Aprovação da compra do HSBC fica para 2016

A conclusão do processo de aprovação da compra do HSBC Brasil pelo Bradesco deve se arrastar por mais tempo que o esperado. Quando anunciou a compra, em agosto, a expectativa expressada por executivos do banco era que o aval dos reguladores saísse ainda neste ano, mas o atraso na análise deve levar a aprovação para meados do primeiro trimestre de 2016, conforme apurou o Valor. Procurado, o Bradesco informou que não pode comentar o assunto, que encontra­sse em poder dos órgãos competentes.

O Bradesco fechou no começo de agosto a compra das operações do HSBC no país, por US$ 5,2 bilhões. O negócio incluiu todas as áreas do banco britânico, como varejo, atacado, seguros e administração de ativos, além das agências e clientes. O prazo para a aprovação é importante para o Bradesco porque, nesse período, os correntistas do HSBC ficam mais vulneráveis ao assédio da concorrência. O espanhol Santander era um dos interessados na unidade do banco britânico, considerada a única grande oportunidade de aquisição no setor bancário no país.

Os principais questionamentos à operação estão concentrados no Conselho Administrativo de Defesa Econômica (Cade). O órgão incluiu nas discussões o sindicato dos bancários, que manifestou uma série de empecilhos à transação e pediu prazo maior para apresentar documentos e pareceres. Além da preocupação com a manutenção de empregos, o sindicato alerta para uma suposta prática de "gun jumping", que, no jargão da área, significa que o Bradesco já estaria atuando dentro do HSBC antes da aprovação regulatória, o que é vedado pelo regimento do órgão. O pedido consta na documentação do processo no Cade.

A estimativa de que o negócio saísse neste ano era tida como o cenário mais otimista dentro do próprio Bradesco, segundo executivos que acompanham o processo. O banco, porém, já contemplava uma possibilidade mais conservadora ­ que tende a se concretizar ­ em que a operação só sairá do papel em 2016.

Na época do anúncio, o HSBC tinha cerca de 5 milhões de clientes e pouco mais de R$ 61 bilhões em depósitos.
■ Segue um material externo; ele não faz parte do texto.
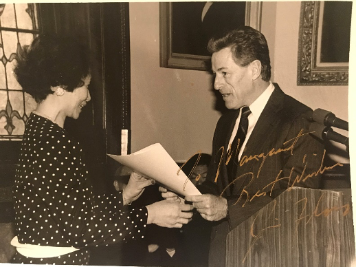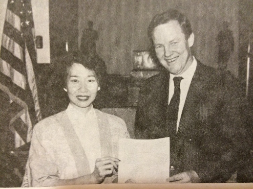 左上:1993年5月新州州长Jim Florio为林杰辉女士颁奖;左下:金(Tom Kean)州长向林杰辉女士颁发举办“亚州文化节”证书;右:惠特曼(Christine Whitman)州长向林杰辉女士颁发举办“亚州文化节”证书。

O negócio reforça a presença do Bradesco nas regiões Sul e Sudeste e, principalmente, entre os clientes de alta renda. Com o HSBC, o Bradesco ultrapassa o Itaú Unibanco em número de correntistas e em gestão de fundos de investimento, além de se aproximar do concorrente privado no ranking de ativos.

O Cade também estaria preocupado com possíveis concentrações em mercados nos quais os dois bancos atuam, em particular na área de seguros, segundo uma fonte que acompanha o assunto. O uso do balcão do HSBC para a venda de produtos como seguros e previdência foi apontado pelo Bradesco como um dos principais atrativos do negócio.

A seguradora do HSBC foi avaliada em R$ 4,7 bilhões, o equivalente a um múltiplo de 11,8 vezes o lucro. O Bradesco não descarta ter de abrir mão de algum ativo ou firmar algum compromisso com o Cade para que a operação saia. A expectativa, porém, é que isso não traga impacto substancial no preço a ser pago, afirma uma fonte.

Já no Banco Central, a análise da operação transcorre sem maiores problemas, segundo uma fonte. Nas últimas semanas, porém, a prioridade da autoridade tem sido o acompanhamento da situação do BTG Pactual, ainda que os assuntos não estejam relacionados. Procurado, o BC informou que a análise do pleito de transferência do controle do HSBC para o Bradesco segue o curso normal e pode ser concluída nas próximas semanas.